Question

If $ A $, $ B $, and $ C $ are mutually exclusive and exhaustive events of a random experiment such that $ P(B) = \frac{3}{2} P(A) $ and $ P(C) = \frac{1}{2} P(B) $, then $ P(A \cup C) $ equals to

• A. \( \frac{10}{13} \)
• B. \( \frac{3}{13} \)
• C. \( \frac{6}{13} \)
• D. \( \frac{7}{13} \)

Hint:

When events are mutually exclusive and exhaustive, you can calculate the total probability of their union by adding the probabilities of each event.

Answer 1

The Correct Option is D

We are given that \( A \), \( B \), and \( C \) are mutually exclusive and exhaustive events.
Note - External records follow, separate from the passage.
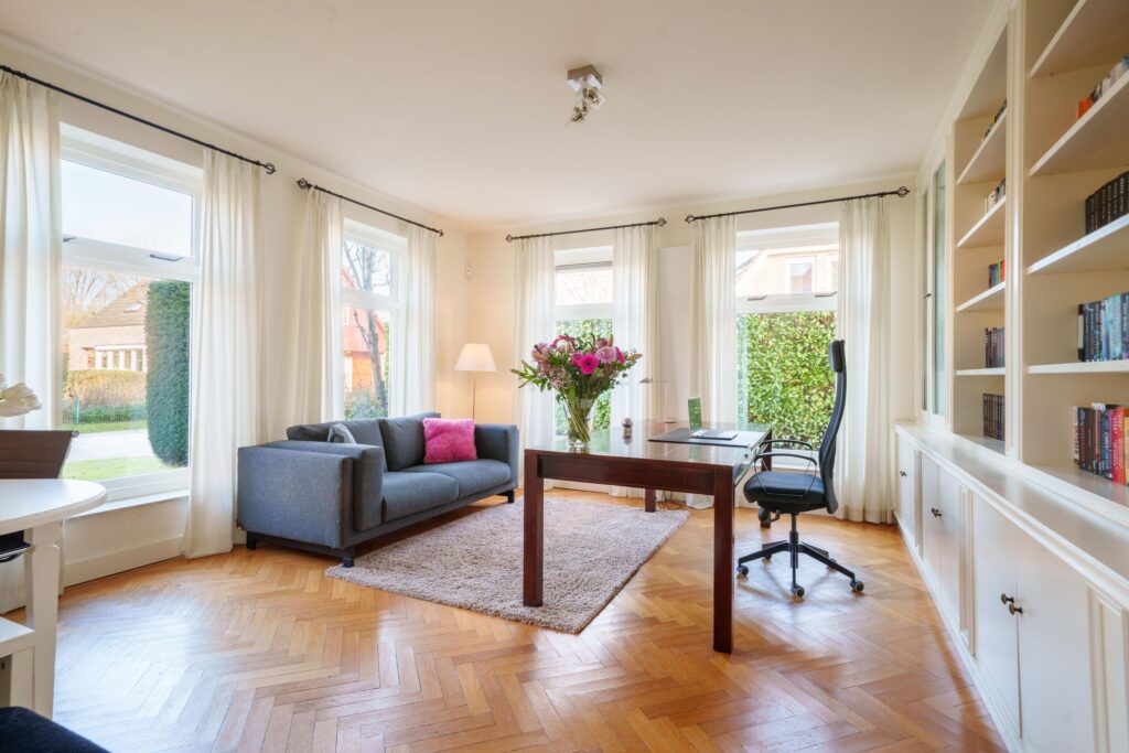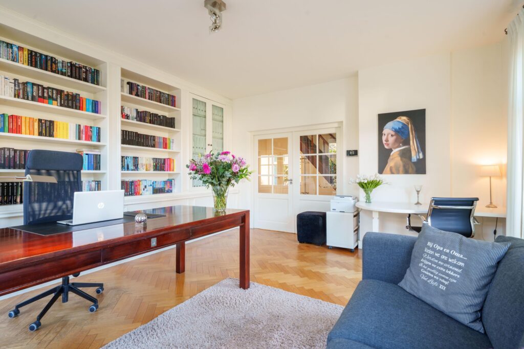 Aan de voorzijde van het huis bevindt zich, direct naast de entreehal, een ruime werkkamer, ideaal voor thuiswerken of bijvoorbeeld een bibliotheek. De riante woonkamer is licht en voorzien van een sfeervolle haard en dubbele openslaande deuren naar de achtertuin. Aan de achterzijde van de woning is een tweede werkkamer gesitueerd, eveneens perfect als kantoor-, hobby- of praktijkruimte. Vanuit deze kamer heb je via openslaande deuren eveneens toegang tot de achtertuin.
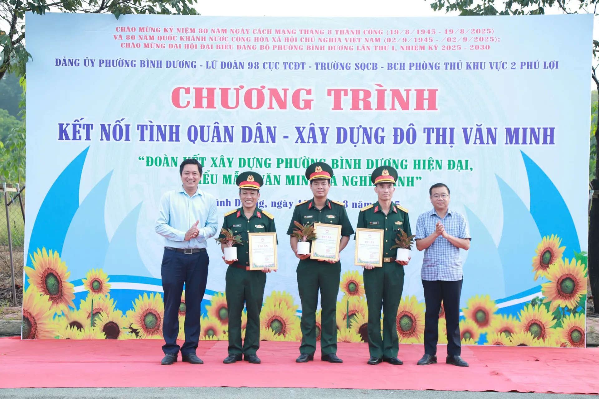 Kinhtedothi - Sáng 16/8, Đảng ủy phường Bình Dương phối hợp cùng Lữ đoàn 98, cục Tác chiến điện tử; Trường Sĩ quan công binh; Ban chỉ huy phòng thủ Khu vực II - Phú Lợi cùng các hội, đoàn trên địa bàn tổ chức chuỗi sự kiện nhằm nêu cao tinh thần “kết nối tình quân dân - xây dựng đô thị văn minh”.
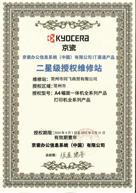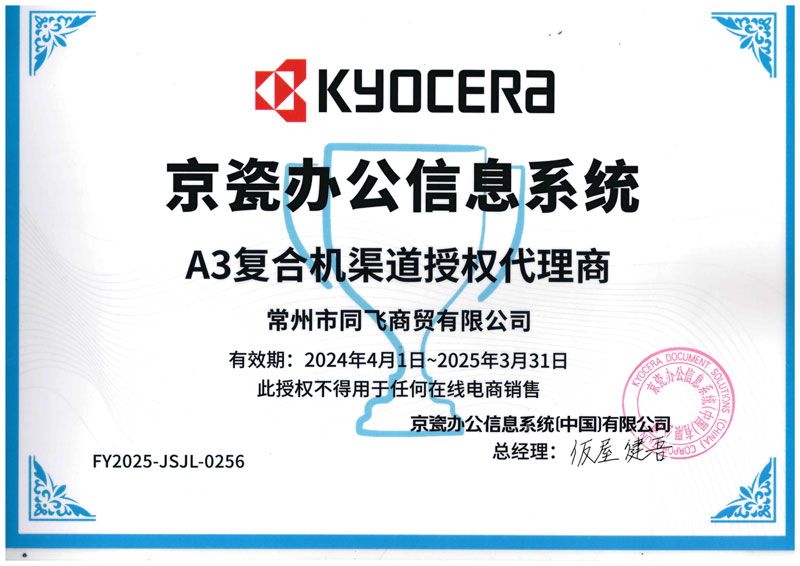 公司取得了日本京瓷復印機、打印機,映美針式打印機、天威耗材、安興紙業等眾多知名品牌常州地區代理權。
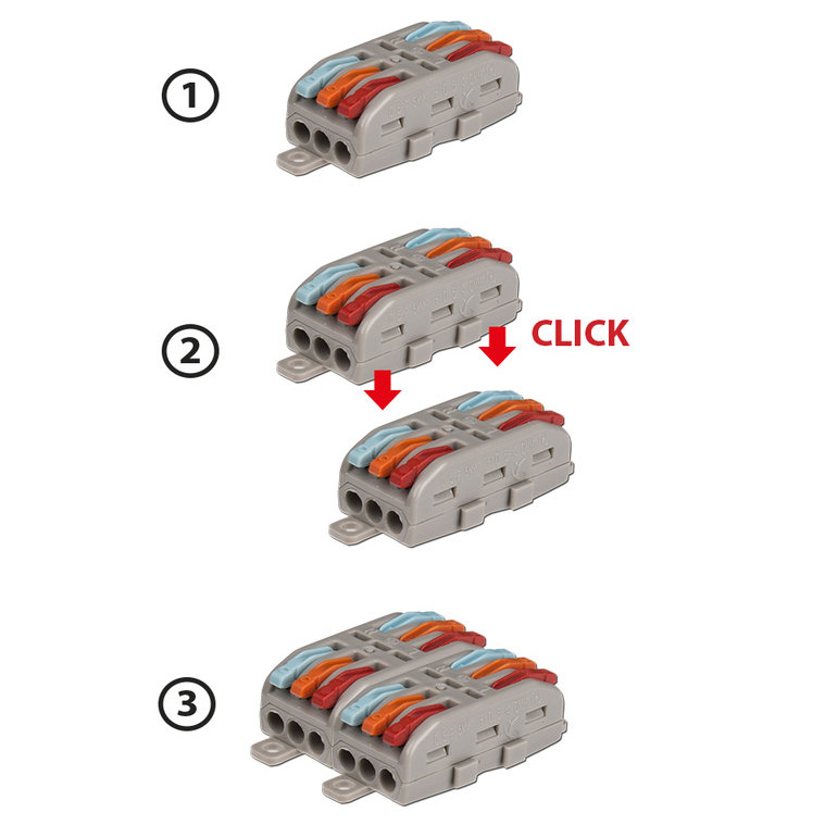 MCLED KONEKTOR PROPOJOVACÍ S PÁČKOU 3-3 ČERVENÁ, ORANŽOVÁ, MODRÁ, ML-112.218.72.0
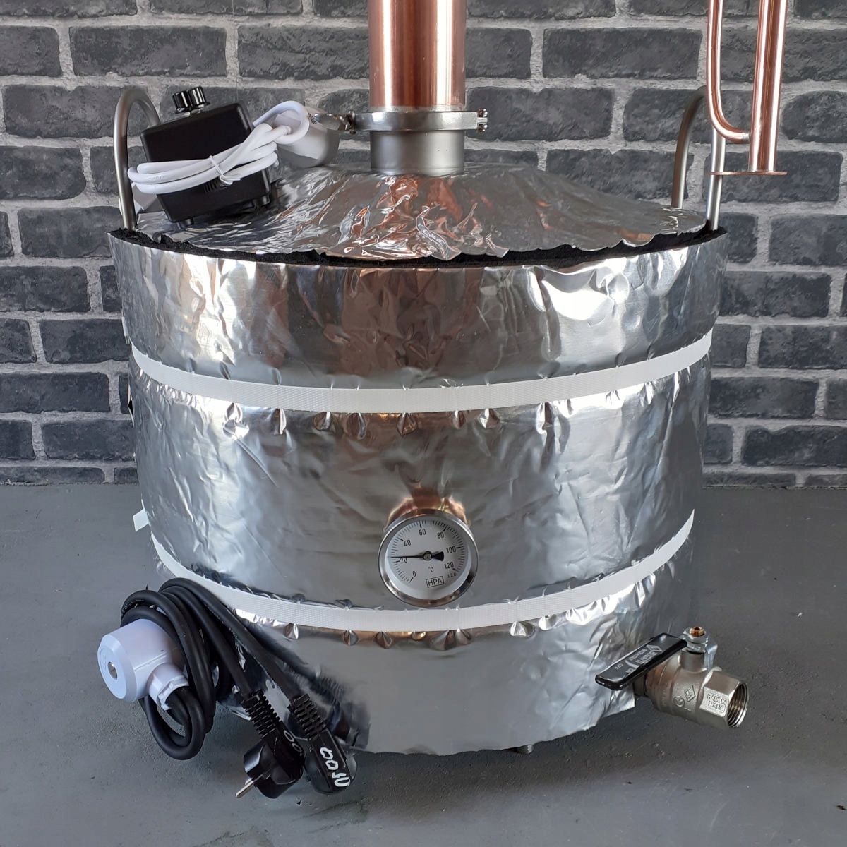 Kocioł jest ocieplony matą kauczukową (K-Flex 10 mm) z ochronną zewnętrzną warstwą aluminium. Ocieplenie poprawia komfort pracy, zwiększa szybkość destylacji, oszczędza prąd i jest bezpieczniejsze. Powłoka aluminium zabezpiecza przez uszkodzeniami maty - nawet mocne uderzenie czy zadrapanie nie zostawi śladu (tak jak na gołej macie kauczukowej, która niszczy się po kontakcie z innym przedmiotem). Dzięki powłoce, kocioł łatwo i szybko można umyć.
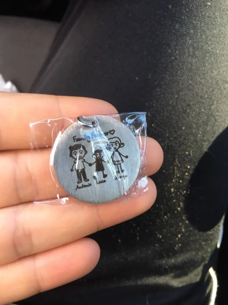 Это так же, как в описании. Для того, чтобы нанести на него удар, названия написаны очень маленьким почерком. Я оставляю вам фотографии, чтобы увидеть размер брелка. У меня не было проблем и мне не нужно было общаться с продавцом.
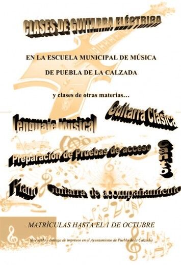 Ya está abierto el plazo de inscripción, hasta el 1 de octubre, de la Escuela de Música de Puebla de la Calzada. La recogida de impresos y entrega de matrículas, tiene lugar en el ayuntamiento de Puebla de la Calzada.
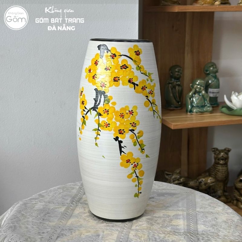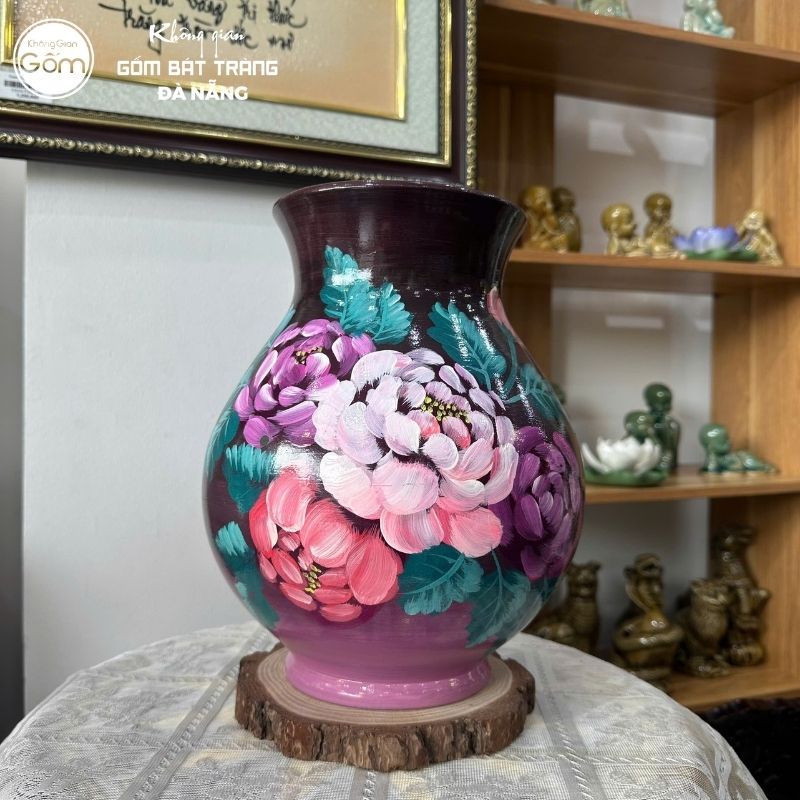 Với những gia đình thích chơi đào rừng tại Đà Nẵng, bình hoa dáng chum là sự lựa chọn lý tưởng. Thiết kế thân bình bề thế, đáy rộng và cốt gốm cực dày dặn giúp những mẫu bình chum trở thành “điểm tựa” vững vàng cho những cành đào rừng nặng ký. Chị em sẽ không cần phải lo lắng bình bị chông chênh khi cắm các nhành hoa cao lớn, xù xì.

This means: \[ P(A \cup B \cup C) = 1 \] The probability of the union of mutually exclusive events is simply the sum of their individual probabilities: \[ P(A \cup B \cup C) = P(A) + P(B) + P(C) \] We also know: \[ P(B) = \frac{3}{2} P(A) \] \[ P(C) = \frac{1}{2} P(B) \] Substitute \( P(B) \) into the equation for \( P(C) \): \[ P(C) = \frac{1}{2} \times \frac{3}{2} P(A) = \frac{3}{4} P(A) \] Now substitute \( P(B) = \frac{3}{2} P(A) \) and \( P(C) = \frac{3}{4} P(A) \) into the total probability equation: \[ 1 = P(A) + \frac{3}{2} P(A) + \frac{3}{4} P(A) \] Factor out \( P(A) \): \[ 1 = P(A) \left( 1 + \frac{3}{2} + \frac{3}{4} \right) \] Simplify the expression inside the parentheses: \[ 1 = P(A) \left( \frac{4}{4} + \frac{6}{4} + \frac{3}{4} \right) = P(A) \times \frac{13}{4} \] Solve for \( P(A) \): \[ P(A) = \frac{4}{13} \] Now, to find \( P(A \cup C) \), we use the formula for the union of mutually exclusive events: \[ P(A \cup C) = P(A) + P(C) \] Substitute the value of \( P(A) \) and \( P(C) \): \[ P(A \cup C) = \frac{4}{13} + \frac{3}{4} \times \frac{4}{13} \] Simplify: \[ P(A \cup C) = \frac{4}{13} + \frac{12}{52} = \frac{4}{13} + \frac{3}{13} = \frac{7}{13} \] Thus, the probability \( P(A \cup C) = \frac{7}{13} \).